The need for payer negotiations

In most cases, practices leave the contract negotiation in the hands of their medical director or manager. Even with hands-on experience with several payers for a number of years, they might not be aware of the bargaining power that they possess. The insurance payers are responsible to the stakeholders, contracted vendors (medical practices), and customers (patients). For better reimbursement rates, reduced denials, and improved contractual agreements, it is important to understand the need for successful contract negotiations.

What to understand before speaking with a payer’s representative

Firstly, practices must identify payers with whom they have reimbursement issues by analyzing the top CPT codes billed, and comparing the insurance reimbursement rates of all the payers. Consider this estimation as a utilization report from where all the inequalities can be detected through perfectly structured data.

Enter the frequency of the most commonly used CPT codes on a spreadsheet along with the number of times that specific code was billed to the corresponding payer and then multiply it with the existing reimbursement charge. Determine the break-even point by adding the provider reimbursement cost and overhead cost with the frequency of the codes billed and paid by the payer. Compare the result with the weighted average reimbursement rates.
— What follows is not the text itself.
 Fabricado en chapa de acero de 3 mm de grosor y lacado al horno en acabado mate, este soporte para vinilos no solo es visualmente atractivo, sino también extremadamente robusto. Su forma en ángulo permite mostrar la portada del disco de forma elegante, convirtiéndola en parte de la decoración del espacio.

By doing this, practices can have more understanding of which payer contract requires attention and also identify payer organizations who are causing financial burdens.

Once the solid figures are drawn from the calculation, practices can use this to back up their negotiations by setting out the right range between the optimum and minimum target goals. The minimum range exhibits the bottom line rate that must be met and the optimum level reflects the ideal levels of the negotiation end. With this, practices can negotiate the ideal reimbursement rate with the payers for unsatisfactory deals.
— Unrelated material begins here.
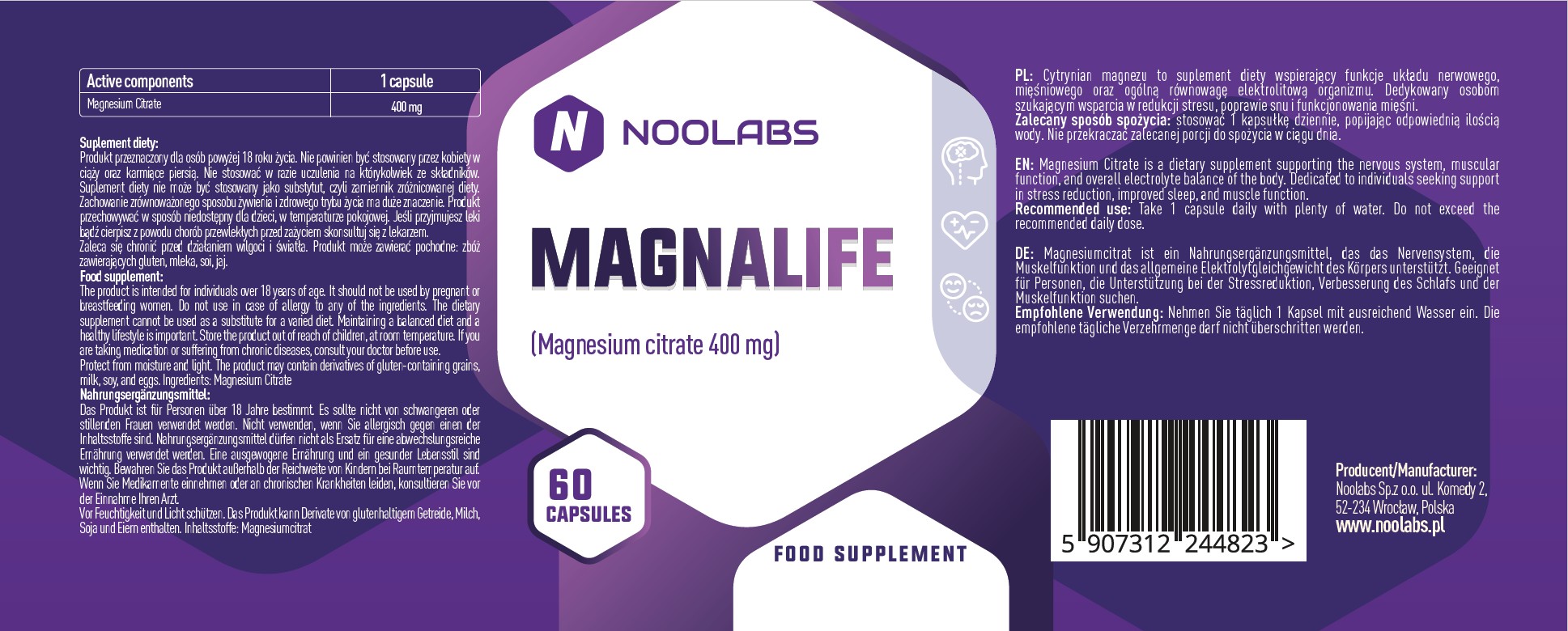 • ⚡ Cytrynian magnezu – wspiera produkcję energii, redukuje uczucie zmęczenia i poprawia wydolność.

Practices should always look out for any “evergreen” clauses in the payer contracts that renew only at the end of the year unless a termination notice is delivered before the contract renewal period. If the contract is new or a payer with whom the practice had reimbursement difficulties in the past, it is important to mention the out period to the contract (like 90 days). This way practices will be free from sticking to bad payer contracting.

Some payers often reject claims retroactively and then demand reimbursements, even for claims that are a few years old. The contract must contain language that forbids automatically withholding payments that are more than 120 days old unless there is a difficulty with the claim itself.

However, all these calculations, estimations, and comparisons could be a burden for practices, and for that very reason, it is best to choose a contract negotiation partner like Practolytics. That way, they can focus on what is more important- Patient Care.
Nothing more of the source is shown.